This work investigates the effects of multiple jet interactions and single jet instability on jet breakup and droplet size using experimental and computational techniques.
In particular, the jet separation distance, jet breakup length and droplet diameter were measured as a function of initial nozzle separation distance and jet volumetric flow rate.
It was found that the two jets moved closer to each other to reach an equilibrium separation distance that was approximately 70% of the spacing between the two nozzles.
The distance at which the instabilities were first observed on the surface of the jet was also a function of the initial separation distance.
However, it was weakly dependent on the jet velocity.
The jet breakup length and resultant droplet diameter were both influenced by flow rate and nozzle separation distance.

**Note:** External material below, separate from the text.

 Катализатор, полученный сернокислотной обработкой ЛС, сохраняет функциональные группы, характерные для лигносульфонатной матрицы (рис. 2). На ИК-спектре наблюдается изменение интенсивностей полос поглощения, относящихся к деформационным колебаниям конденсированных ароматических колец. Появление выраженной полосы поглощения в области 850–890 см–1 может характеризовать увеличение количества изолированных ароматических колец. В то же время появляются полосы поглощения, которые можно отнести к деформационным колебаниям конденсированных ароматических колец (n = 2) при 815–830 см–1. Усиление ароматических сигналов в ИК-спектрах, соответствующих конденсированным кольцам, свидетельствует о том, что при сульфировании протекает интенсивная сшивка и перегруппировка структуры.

The jet breakup length was found to decrease with reduction in nozzle spacing at the high flow rates. Interestingly, a linear relationship between droplet diameter and breakup length was found that was largely independent of nozzle spacing and consist with conventional Rayleigh jet breakup theory.

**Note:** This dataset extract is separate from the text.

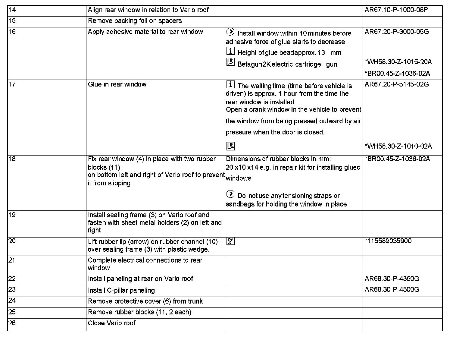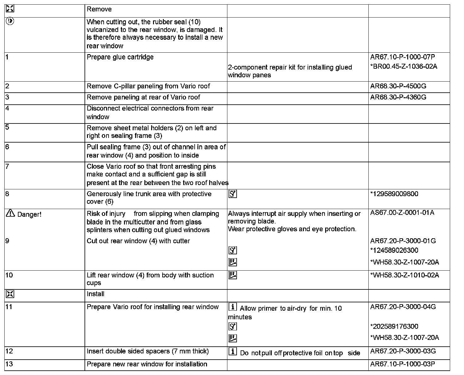 AR67.20-P-3000G Remove/Install Rear Window In Vario Roof

The implications of the experimental observations on the design of multi-jet systems are discussed.
Furthermore, computational fluid dynamics simulations were also used to identify the mechanism and dynamics of jet instability in the single jet systems.
The simulation results were analysed to study the effect of instability on various parameters such as jet breakup, droplet formation and size of emulsion droplets.
It was found that at higher volumetric flow rates, the droplets size increased during the jet breakup due to an asymmetric instability.
The asymmetric instability was caused by the pressure gradient in the continuous phase and was prevented in double jet systems.